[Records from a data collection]
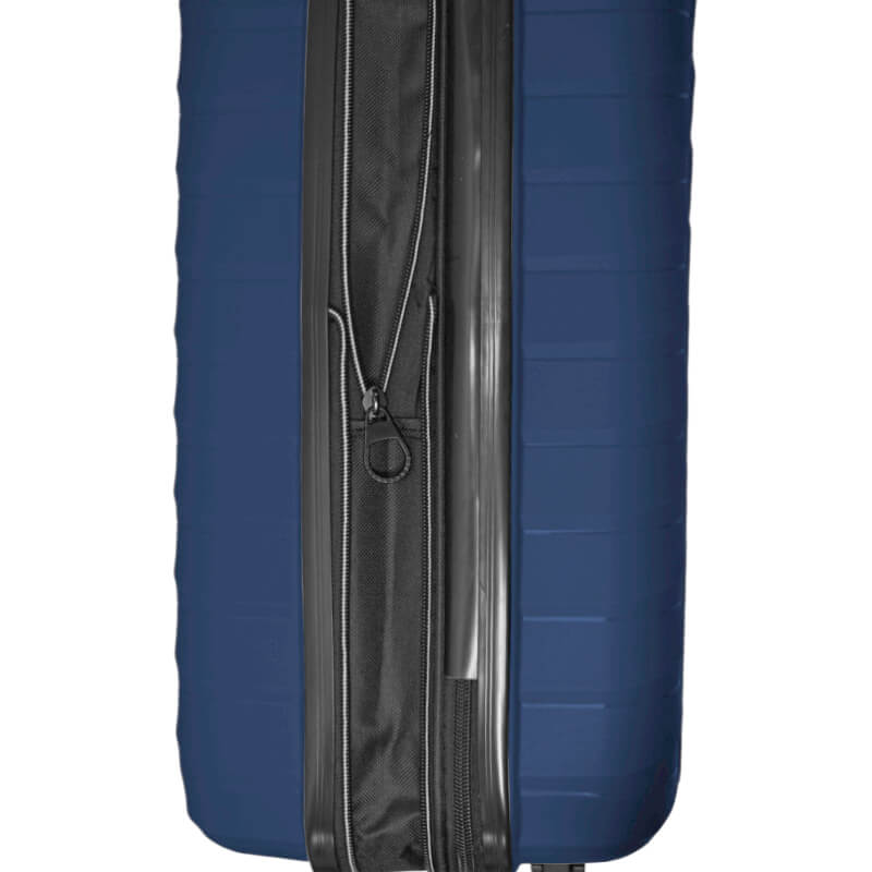 No interior da mala, há uma divisão inteligente. Uma metade com cintas elásticas que permitem ajustar a roupa, mantendo-a no lugar durante a viagem. A outra metade possui uma divisória com bolsos, o que facilita a organização dos seus objetos pessoais, mantendo-os separados e de fácil acesso.
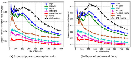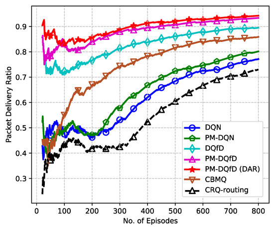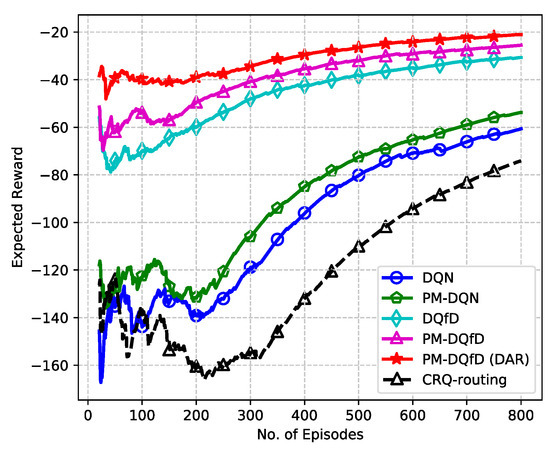 - To save the system memory and further improve the performance, PM-DQfD is proposed. This makes it possible to periodically erase the inessential self-generated data and outdated expert demonstrations to release replay memory. In addition, it reduces data redundancy and optimizes memory structure, which produces better performance. Simulation results show that the proposed method decreases routing delay and enhances energy efficiency, as well as network stability.
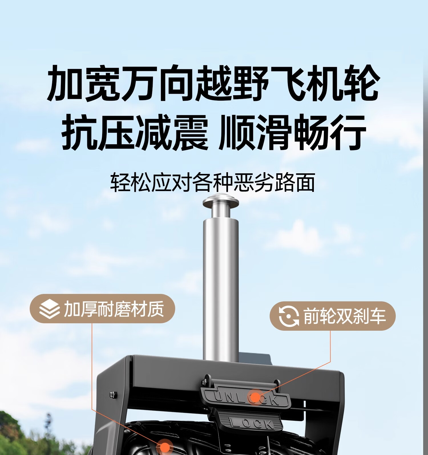 铝合金,材质厚实,非常轻便,折叠方便。建议:拉杆支架改为可调,展开去轮后可置于车后备箱当储物箱用,一举多得。当前展开后拉杆支架会撑住地面,使箱子放不平整。
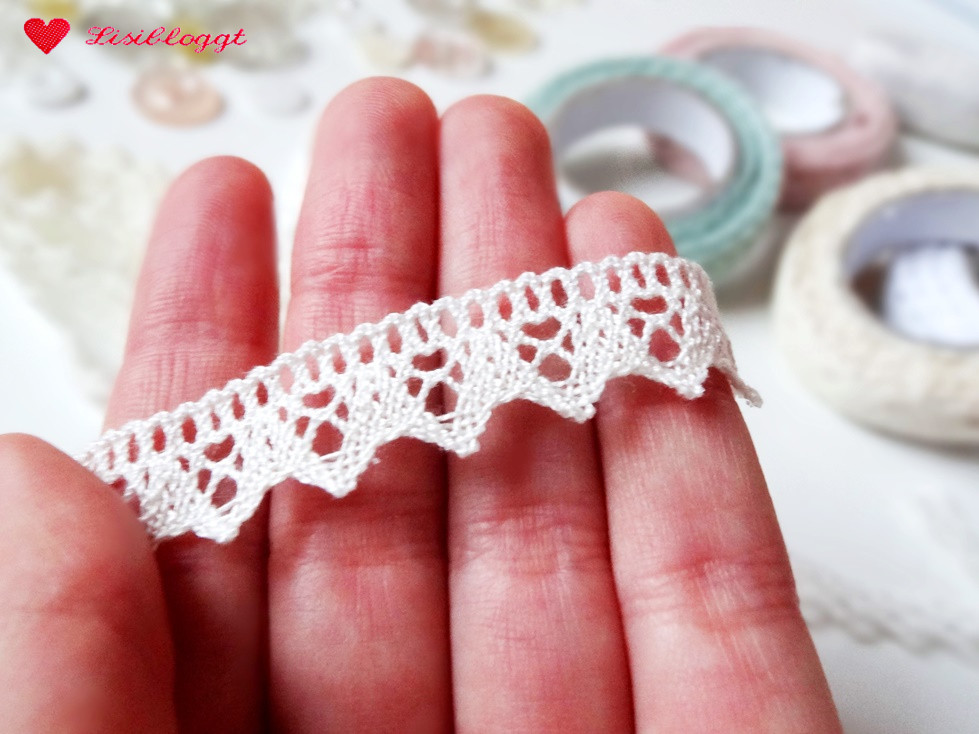Wenn Du keine alten Spitzenvorhänge zur Hand hast, tun es auch ein paar helle Stoffreste und Spitzenborten. In gängigen Bastelgeschäften oder Online-Shops mit Bastelbedarf findest Du solche auf jeden Fall.
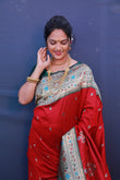 Intricate Red Paithani Silk Saree With Classy Blouse Piece
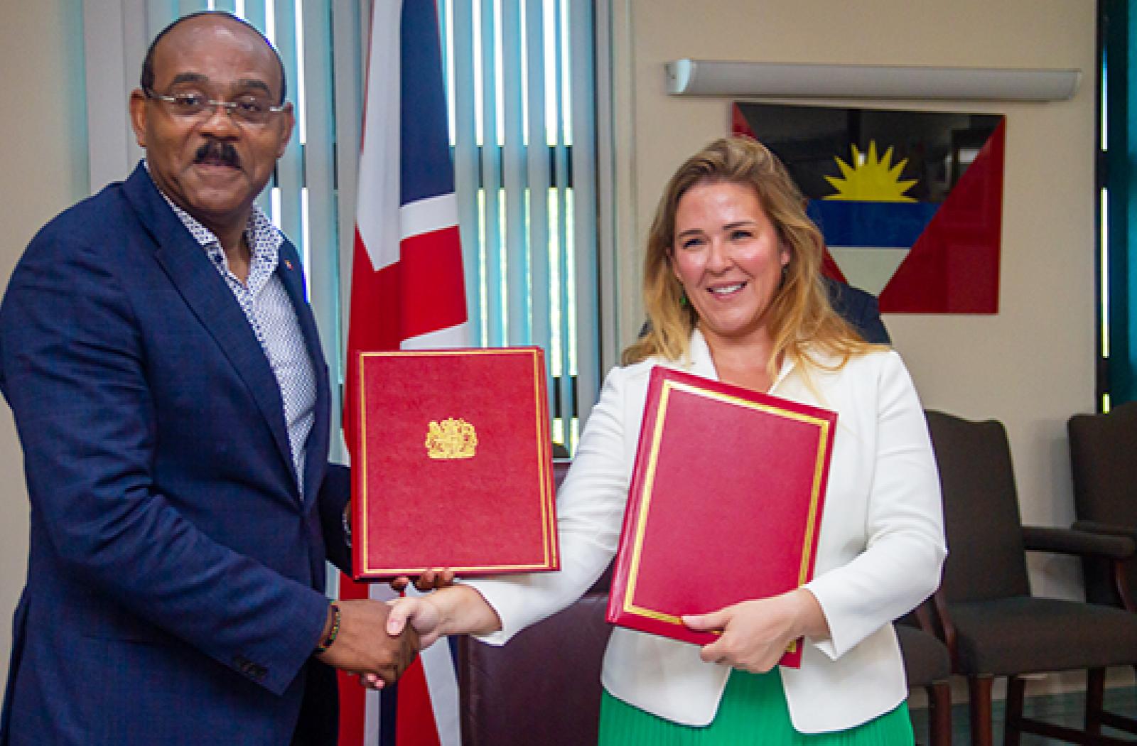 Image caption: Antigua & Barbuda’s Prime Minister Gaston Browne and Resident British High Commissioner Lindsy Thompson at the signing ceremony
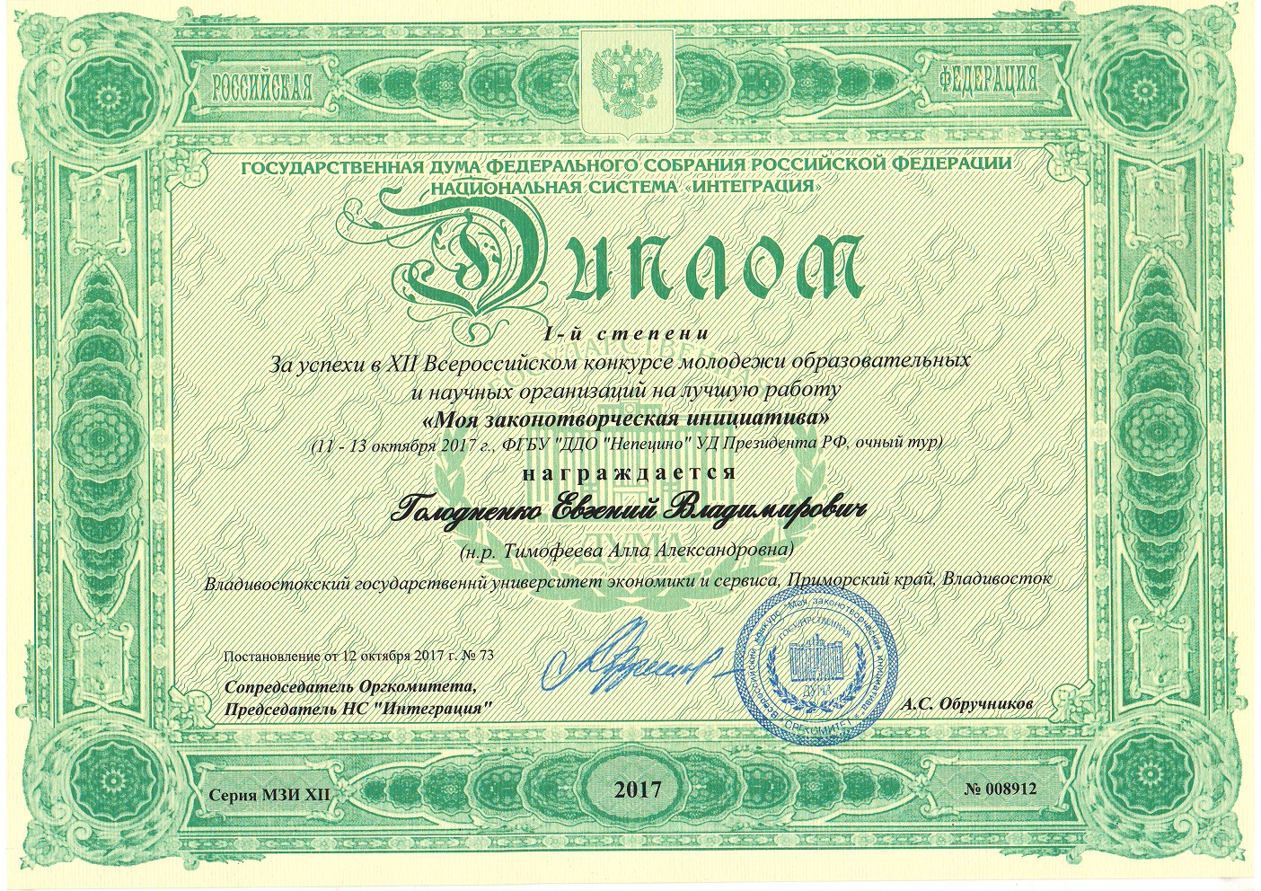 В период с 11 по 13 октября 2017 года в д/о «Непецино» Управления делами Президента Российской Федерации состоялся XII Всероссийский конкурс молодежи образовательных и научных организаций на лучшую работу «МОЯ ЗАКОНОТВОРЧЕСКАЯ ИНИЦИАТИВА»
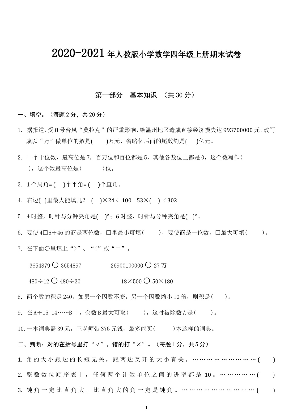 下一篇:2020-2021学年度人教版四年级上册数学期末试卷5

◆ Task requirements ◆
Copy all records exactly, no images.

◆ Solution to the problem ◆
 No interior da mala, há uma divisão inteligente. Uma metade com cintas elásticas que permitem ajustar a roupa, mantendo-a no lugar durante a viagem. A outra metade possui uma divisória com bolsos, o que facilita a organização dos seus objetos pessoais, mantendo-os separados e de fácil acesso.
 - To save the system memory and further improve the performance, PM-DQfD is proposed. This makes it possible to periodically erase the inessential self-generated data and outdated expert demonstrations to release replay memory. In addition, it reduces data redundancy and optimizes memory structure, which produces better performance. Simulation results show that the proposed method decreases routing delay and enhances energy efficiency, as well as network stability.
 铝合金,材质厚实,非常轻便,折叠方便。建议:拉杆支架改为可调,展开去轮后可置于车后备箱当储物箱用,一举多得。当前展开后拉杆支架会撑住地面,使箱子放不平整。
Wenn Du keine alten Spitzenvorhänge zur Hand hast, tun es auch ein paar helle Stoffreste und Spitzenborten. In gängigen Bastelgeschäften oder Online-Shops mit Bastelbedarf findest Du solche auf jeden Fall.
 Intricate Red Paithani Silk Saree With Classy Blouse Piece
 Image caption: Antigua & Barbuda’s Prime Minister Gaston Browne and Resident British High Commissioner Lindsy Thompson at the signing ceremony
 В период с 11 по 13 октября 2017 года в д/о «Непецино» Управления делами Президента Российской Федерации состоялся XII Всероссийский конкурс молодежи образовательных и научных организаций на лучшую работу «МОЯ ЗАКОНОТВОРЧЕСКАЯ ИНИЦИАТИВА»
 下一篇:2020-2021学年度人教版四年级上册数学期末试卷5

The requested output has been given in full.